Last week I finished reading A Boy Like Me, which is a young adult novel focusing on the story of Peyton, a boy who was born a girl.

It’s a story focusing on the trials and tribulations of being a masculine acting girl, who hates her birth name, and wants to be a guy – but isn’t. And he has a girl who he wants to be his girlfriend. Although the story is interesting, I didn’t actually find the internal motivation of Peyton to be all that strong – there was angst, but some how it seemed less internally turbulent than I expected. Peyton has a therapist who teases out the FTM aspects of Peyton’s inner-compass, but some how the inner-angst is never really communicated to the reader – at least not this reader.

I guess I’m saying that I have very mixed feelings about the book. Maybe it speaks better to the struggling FTM teenager. Since I’m not that guy, I will withhold any more serious criticism.
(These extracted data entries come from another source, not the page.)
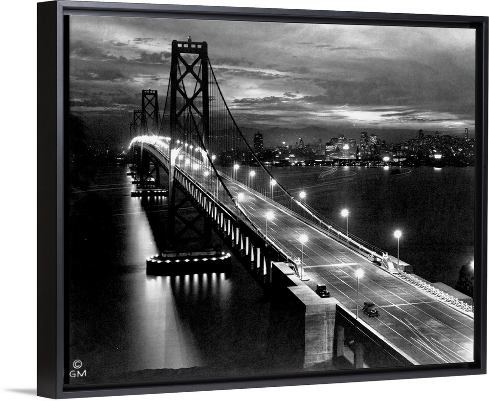 <p>Lights illuminate the San Francisco Oakland Bay Bridge after its completion in 1936. The bridge, designed by Charles H. Purcell, brought an end to ferryboats on San Francisco Bay, by linking San Francisco with Oakland. San Francisco, California, USA.</p>
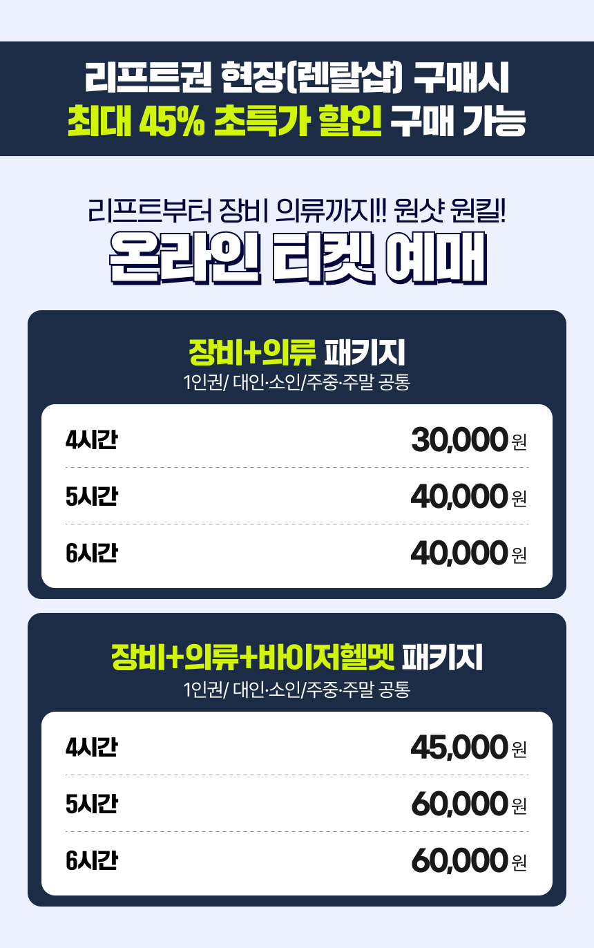 최신장비와 프리미엄 의류 대여는 물론 매일 철저하게 소독과 관리를 진행하여 믿고 렌탈할 수 있어요. 최저가 리프트 이용권부터 장비와 의류 대여까지 한 번에 해결할 수 있어 무척 편리하답니다. 넓고 쾌적한 대한민국 렌탈샵에서 올겨울 즐거운 시간을 보내보세요!
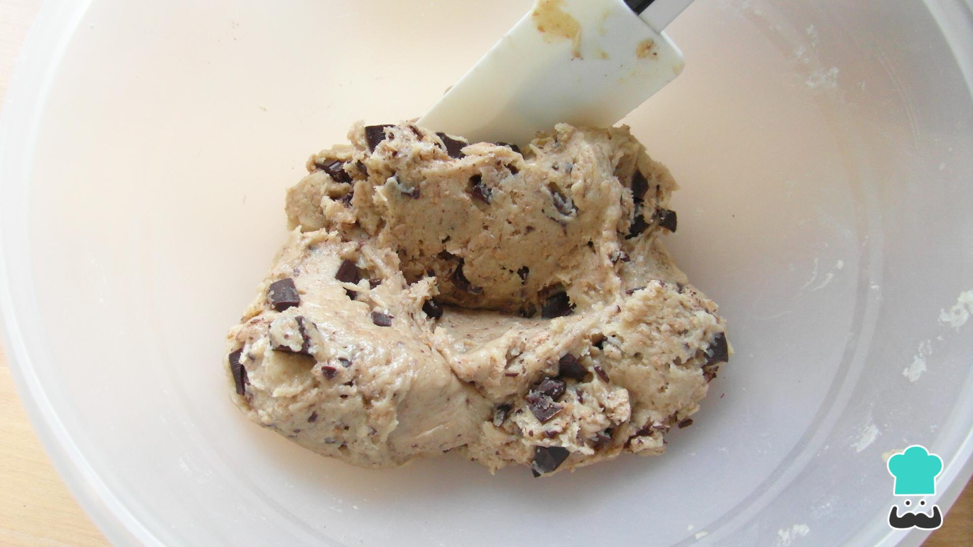 Cuando los ingredientes anteriores estén perfectamente incorporados y tengas una masa compacta, agrega las chispas de chocolate y remuévelo todo bien.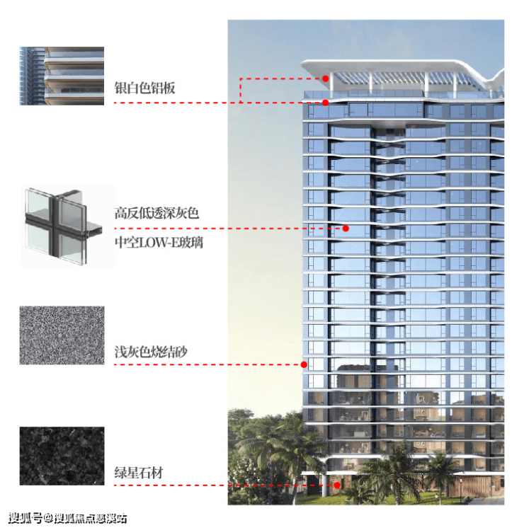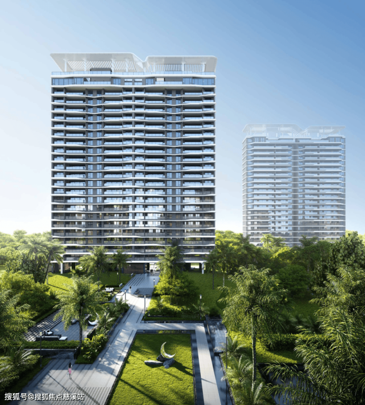 建筑,是社区与城市的第一句对话。鹿城壹号的立面取法极简公建化风格,大面积玻璃幕墙与轻盈铝板的结合,构筑通透挺拔的天际线轮廓。设计从热带自然中提炼线条意象——海浪、椰林的自然元素,让建筑呈现轻盈简约的现代艺术感。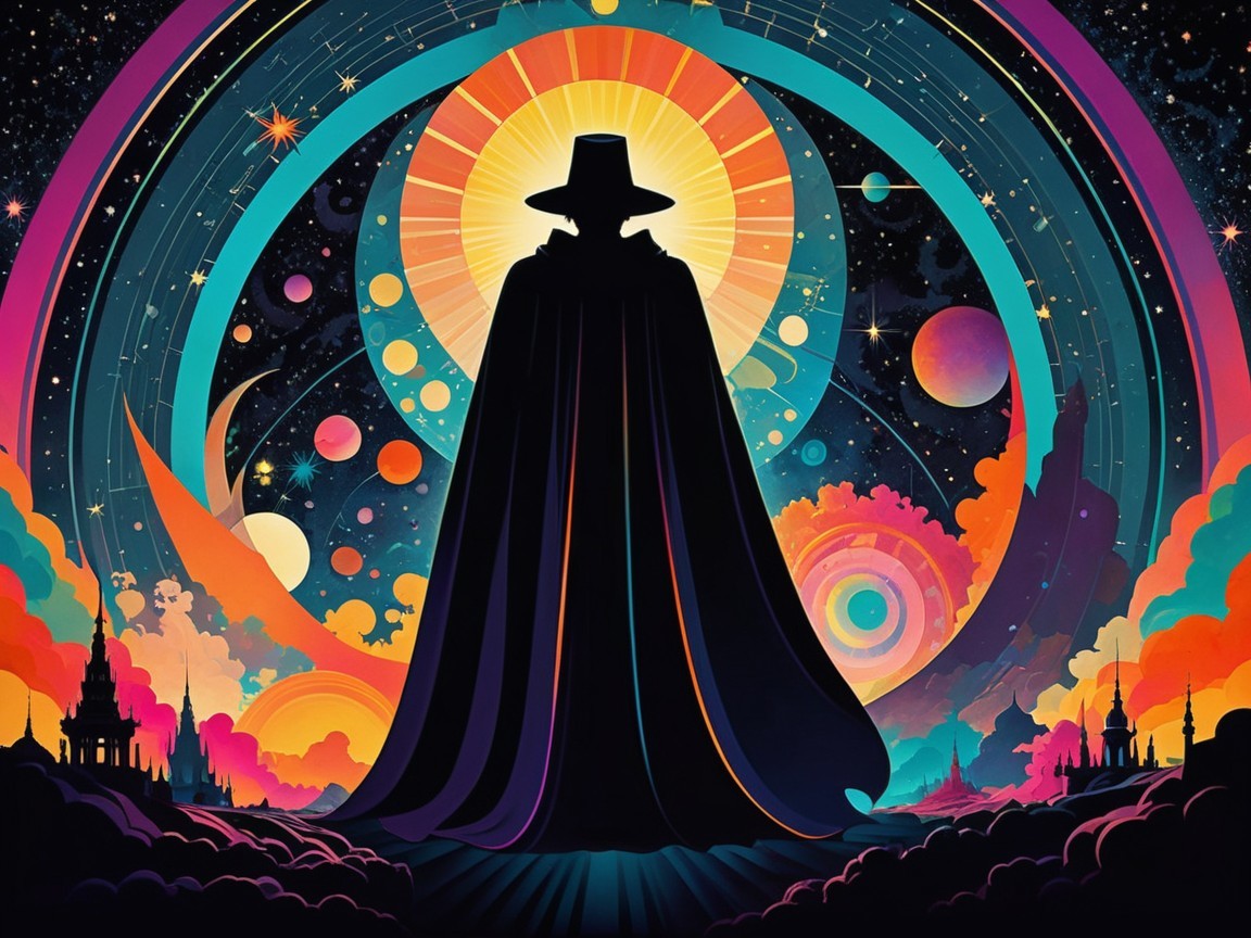 Prompt: epic vintage poster of a scifi movie from the 50's by Lotte Reiniger depicted in the perfect fractal style of Mandelbrot, Julia, Wassily Kandinsky, Alphonse Mucha, glowing neon colors, dramatic starcape background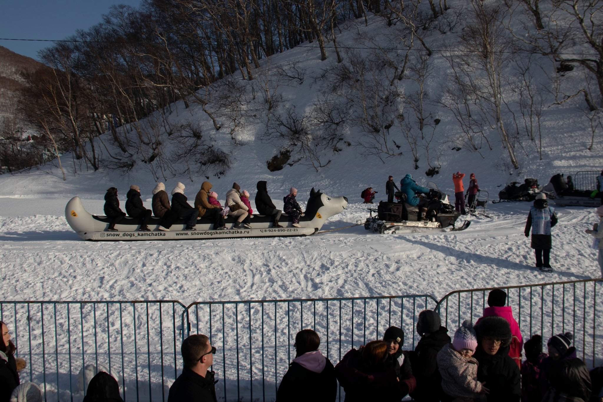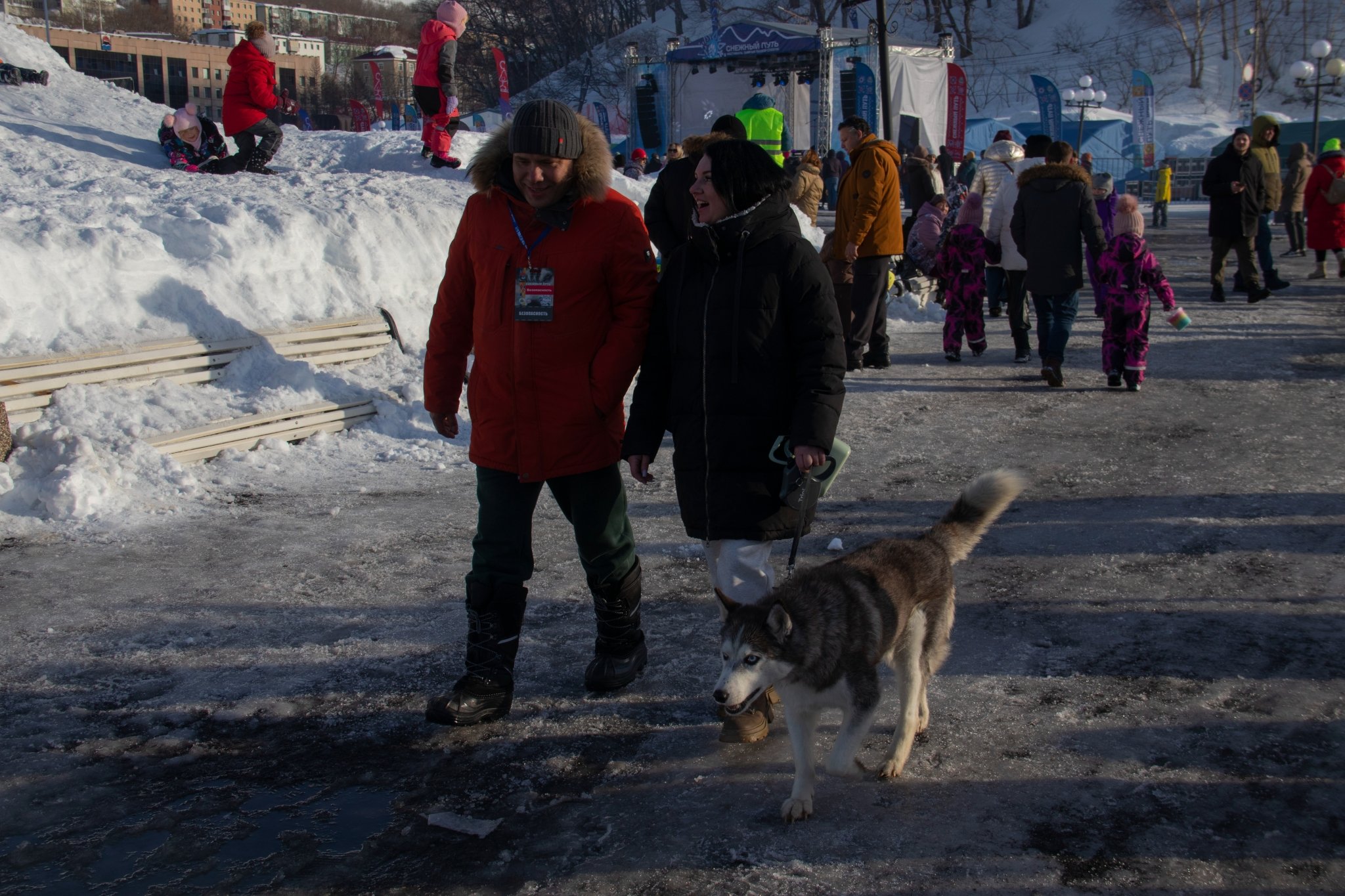 Также на площадке за сценой гости могли познакомиться с собаками и прокатиться на собачьих упряжках(6+) или снежном банане (6+). Правда, для того, чтобы получить эмоции нужно было выстоять немаленькую очередь.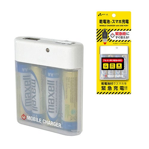 単3形アルカリ乾電池4本を使用する、コンパクトなUSBポート搭載の乾電池式充電器。災害時・緊急時にも重宝します。
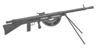 PICTURE: Madsen M/20 light machine gun. Notice bipod folded under the barrel, large cone-shaped flash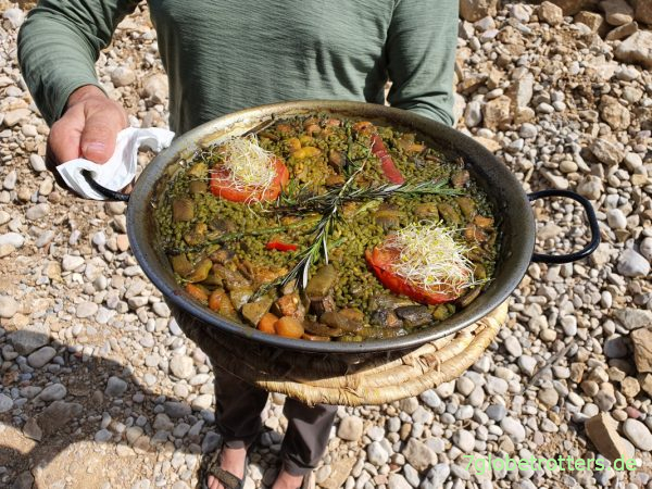 Das war die kleinste verfügbare Paella. Aber vier Personen, das kommt hin. Allerdings kenne ich da einen Ort, wo schon wesentlich größere Bratpfannen gefüllt worden sind…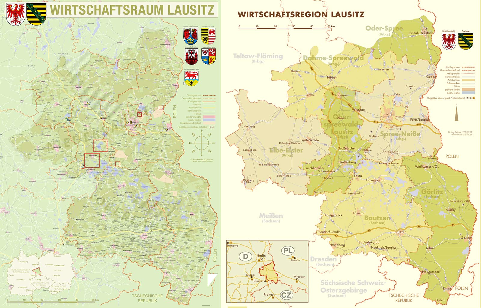 Im Jahre 2003 hat mich erstmals jemand gefragt, wie denn die Lausitz räumlich definiert ist. Ich hatte damals so gut wie kein Material gefunden, welches mir zuverlässig Angaben darüber machen konnte. Die Einen sagten, die Lausitz definiert sich über Ihre sorbisch-wendischen Siedlungs- und Sprachgebiete, andere bemühten sehr alte Karten (welch unsinnige Art angesichts der zersplitterten und ständig wechselnden Einflussgebiete der Fürstentümer und Reiche) und wieder andere zogen die Grenzen ganz willkürlich nach heutigen wirtschaftlichen Interessen. So habe ich bisher, je nach Auftraggeber, zwei Varianten einer Lausitz-Karte gezeichnet. Es werden nicht die letzten gewesen sein, denn die bestellten Karten zeigen ja nur die deutschprachige Lausitz und berücksichtigen noch nicht die Gebiete jenseits von Oder und Neiße. So bleibt die Suche nach den äußeren Grenzen der Lausitz weiter unscharf - ein Unding in den ansonsten durchbürokratiserten Ballungsraum Europa. Wer also Ideen oder besser über Wissen zur Thematik verfügt kann sich gerne bei mir melden. Ich bin dankbar für jede Information und hoffe irgendwann mal die unltimative Lausitz-Karte zeichnen zu dürfen.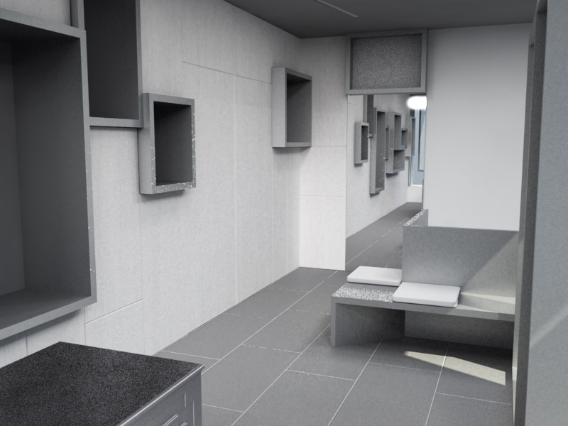 2 le luci sul soffitto non si vedono accese, ho inserito una lucea aerea per ogni rettangolo, in quel punto la sup superficie sul soffitto è tagliata le luci sono visibili...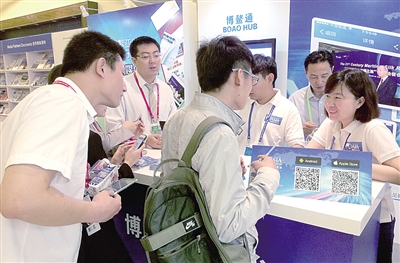 博鳌亚洲论坛开通“博鳌通”新媒体平台,全方位地动态宣传博鳌亚洲论坛会议。图为参会人员在“博鳌通”展示台前向工作人员了解新媒体平台使用方法。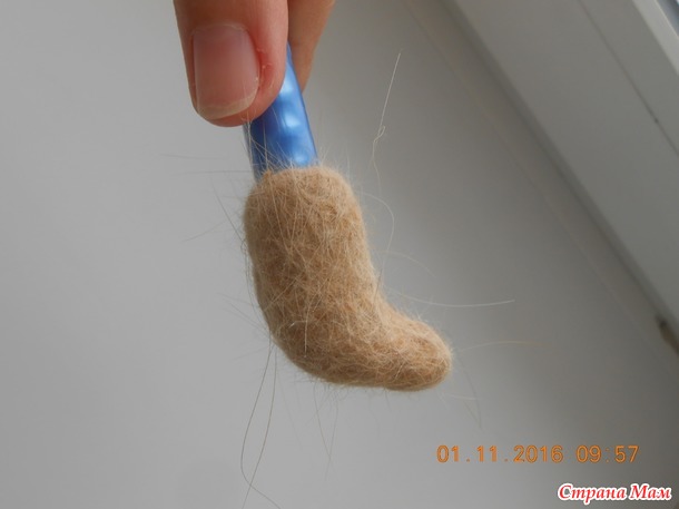 второй (левый) валенок на "распялке" - ручке зубной щётки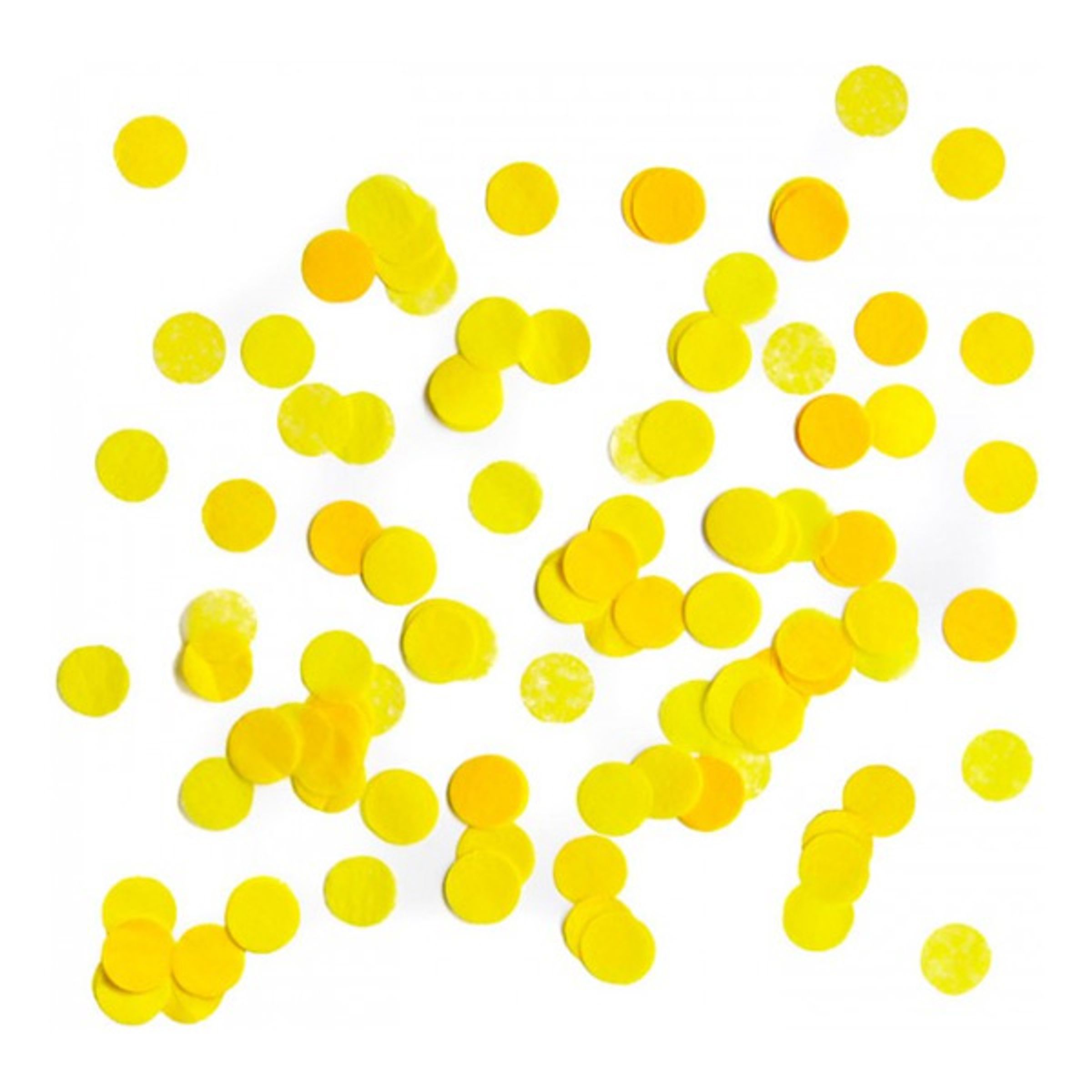Rund konfetti av papp i gul färg som är en given partyhöjare. Passar lite extra bra att dekorera bordsdukningen med till påskmiddagen!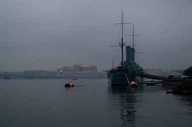 Keywords: st petersburg russia neva fog twilight cruiser aurora

But it – along with an old college friend finding me on Facebook – brought me back to thinking about my attitudes toward transgender issues.

The fact is that when I was at UWyo, I thought the T in GLBT went a step too far.

But that’s because I wasn’t comfortable with myself – I wasn’t comfortable with the G in GLBT, never mind the L, the B, or the T. Coming to terms with the G took me a couple of years – it wasn’t until I was in Indiana that I came out (even if others knew before I came out – we are talking about my internal experiences here) and became comfortable with this.

Once comfortable, I was fine: I’ve been close with at least three people who are best described as transgender. If I’d met them as a freshman at UW, I would have turned and run away as fast as I could. But now it doesn’t turn my head – unless he’s exceptionally cute.

There’s a growth pattern here – an inner evolution for me as I’ve come to realize that I want everybody to be themselves – even if that means changing.